It's really not that difficult to understand why someone would pay so much; the handwritten letter is truly a special item. It's even been compared to the heads up letter that Albert Einstein wrote to Franklin D. Roosevelt warning about the potential for atomic weapons (which sold for just over $2m back in 2002).

The Crick letter is now the highest ever sold at an action, eclipsing an 1864 Abraham Lincoln letter that sold in April 2008 for $3.4m.

Crick wrote the letter on March 19th, 1953, to his 12-year-old son while he was still in boarding school. The letter opens: "Dear Michael, Jim Watson and I have probably made a most important discovery." He described the structure of DNA as something "beautiful," and that it was the copying mechanism "by which life comes from life." The letter even included a crude sketch of DNA's double helix structure.

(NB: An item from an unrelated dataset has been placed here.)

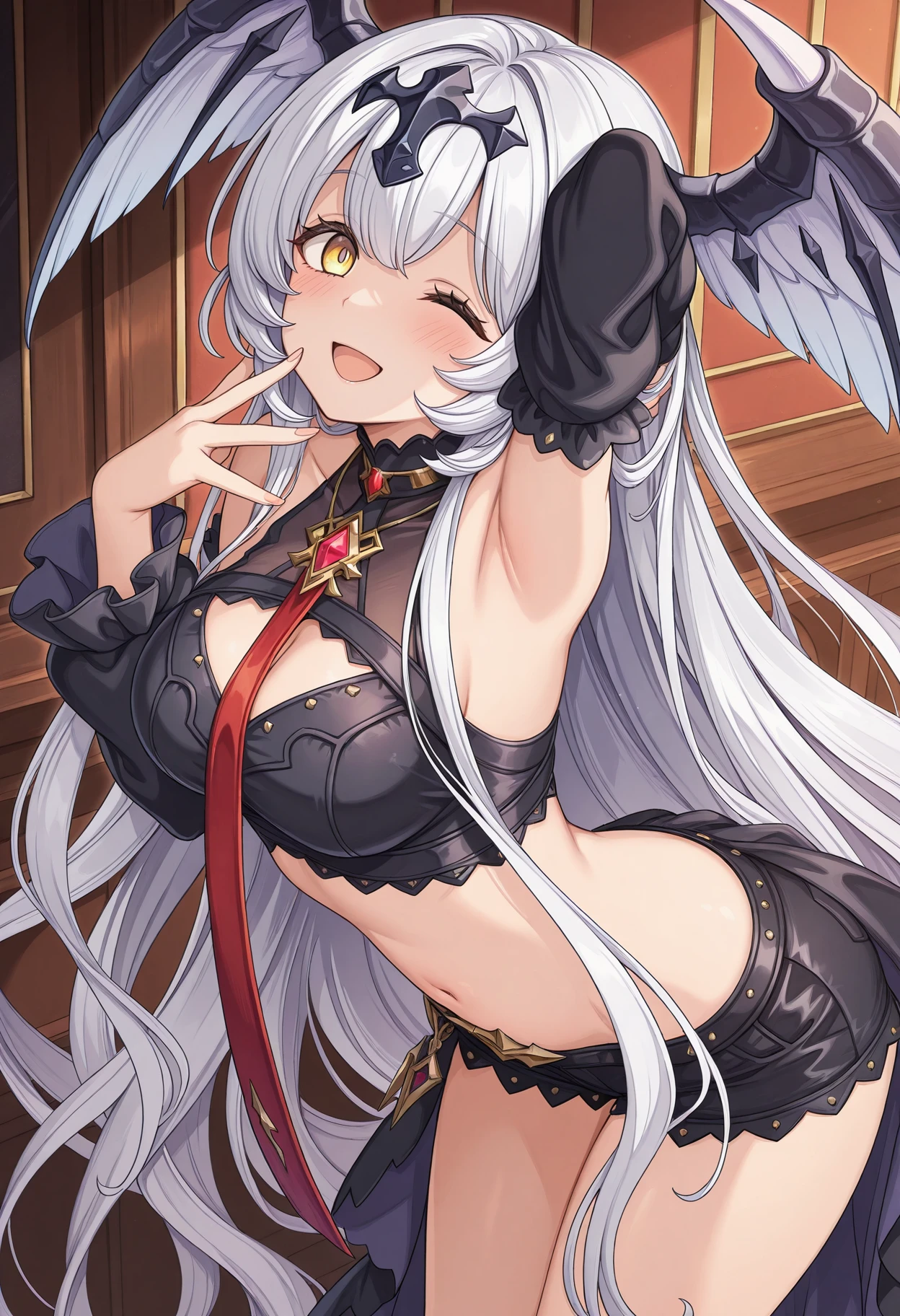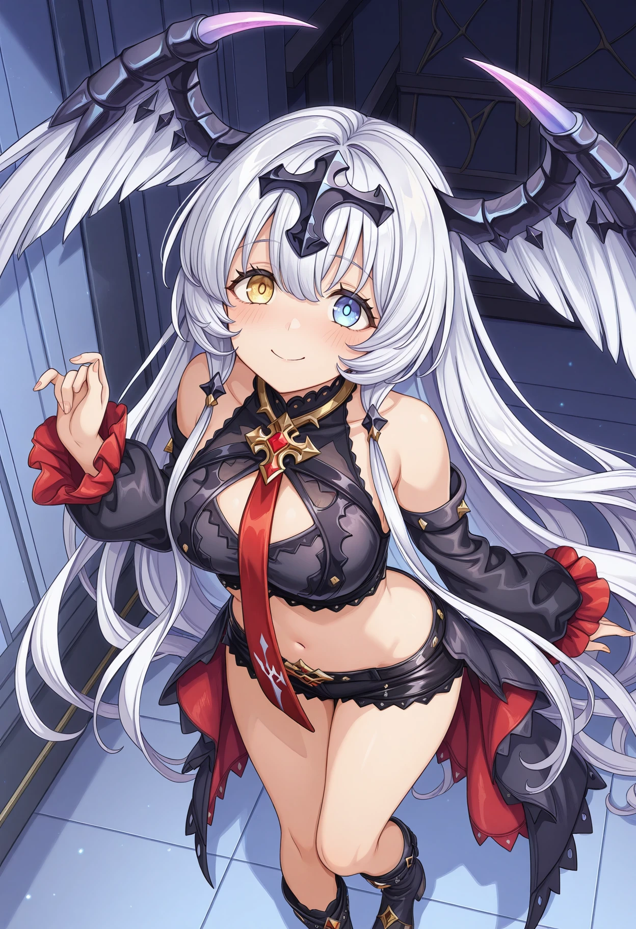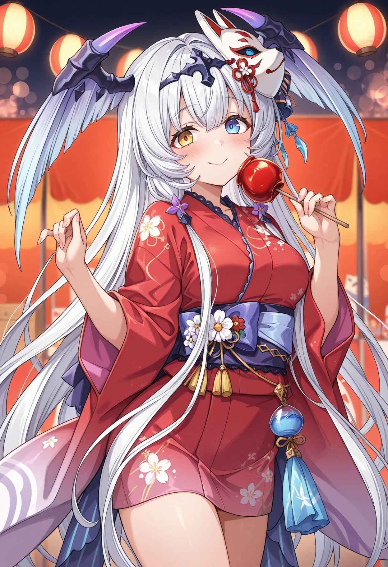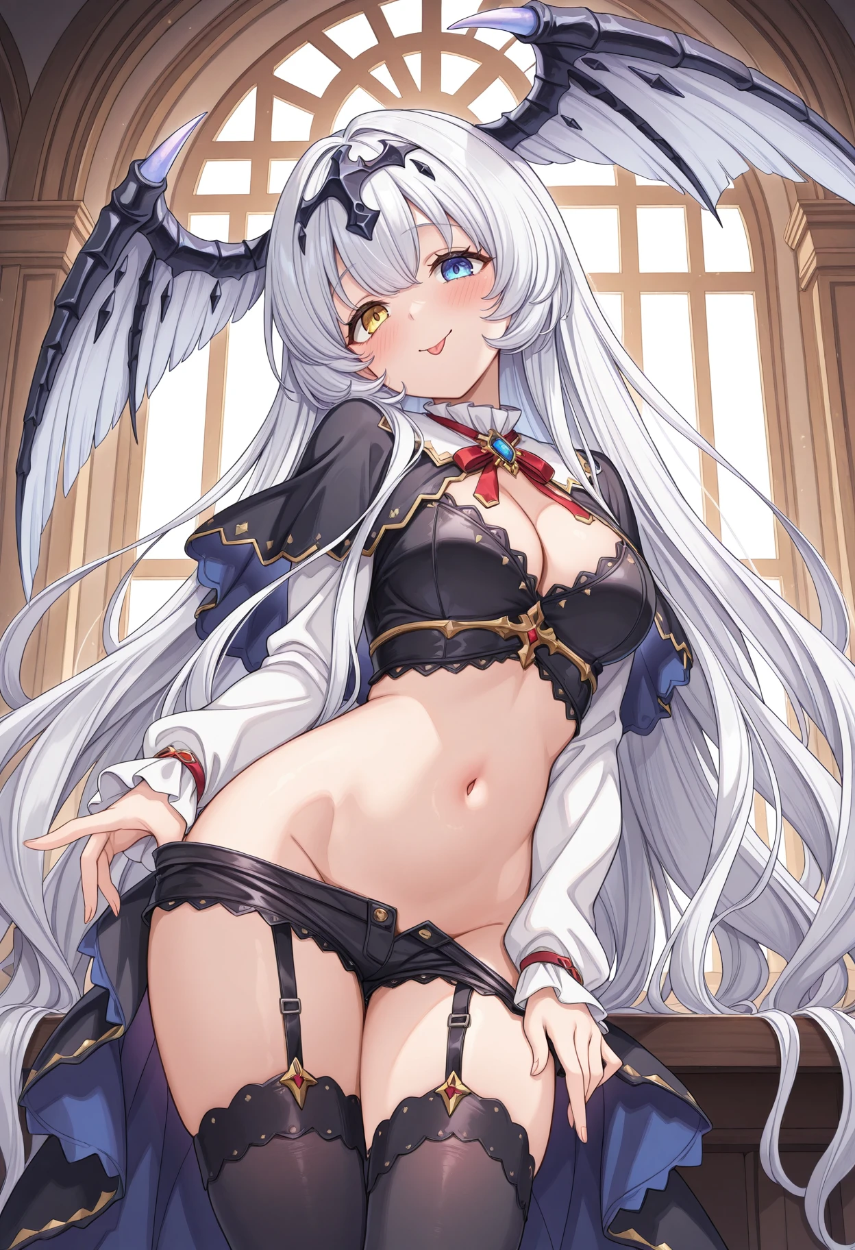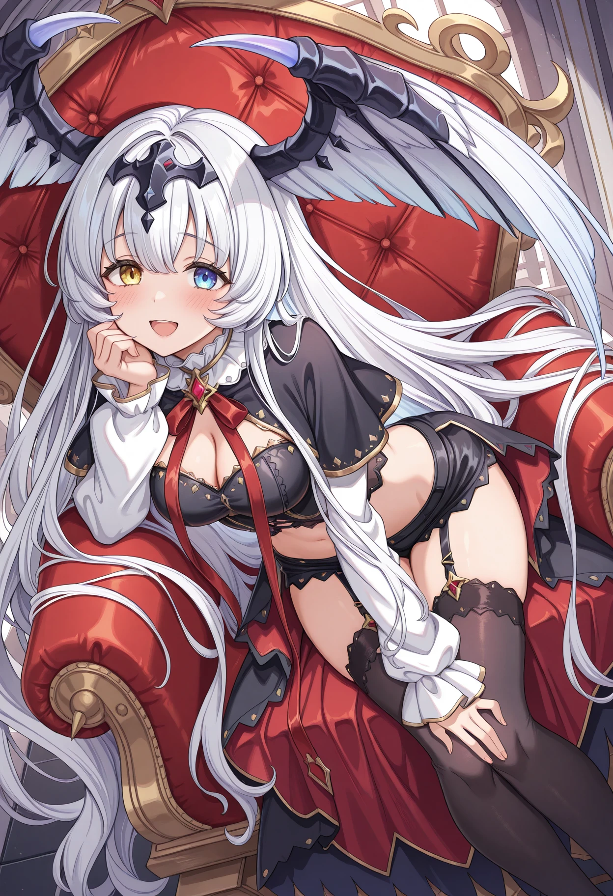 kmheredf, very long hair, white hair, heterochromia, yellow eyes, blue eyes, headpiece, head wings, dragon wings, demon horns, long horns, medium breasts,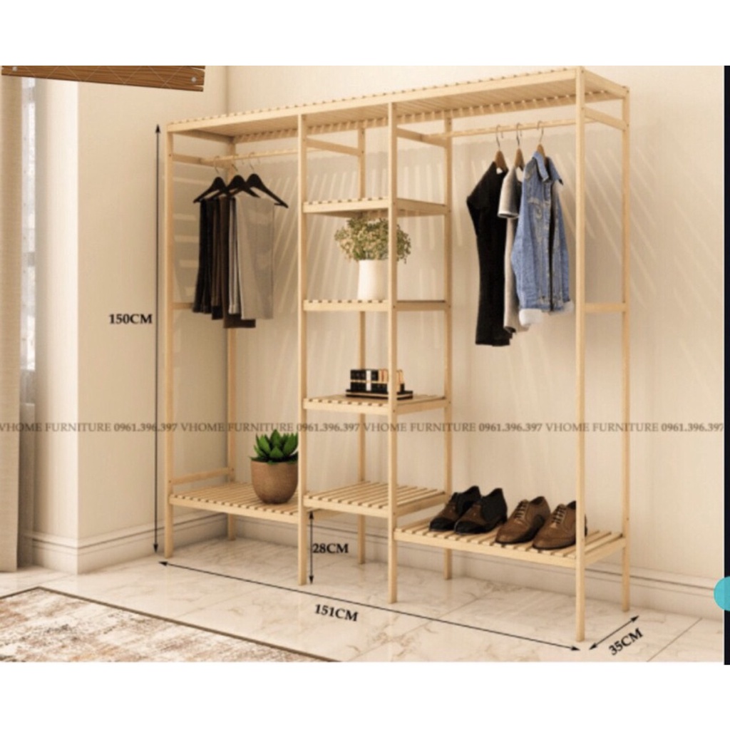 Tủ Quần Áo, Giá Treo Quần Áo Gỗ Thông 3 Gian Phong Cách Hàn Quốc Kệ Gỗ Thông Nhập KhẩuTHÔNG SỐ:

"Read this carefully so that you will understand it," he concludes. "When you come home we will show you the model. Lots of love, Daddy."

The entire transcript can be read here.

The letter is among a dozen other items Crick's heirs are selling to benefit scientific research. Proceeds will be sent to the Salk Institute for Biological Studies in La Jolla and the new Francis Crick Institute in London, a medical research institute due to open in 2015.

Sources: Guardian, LiveScience, New York Times.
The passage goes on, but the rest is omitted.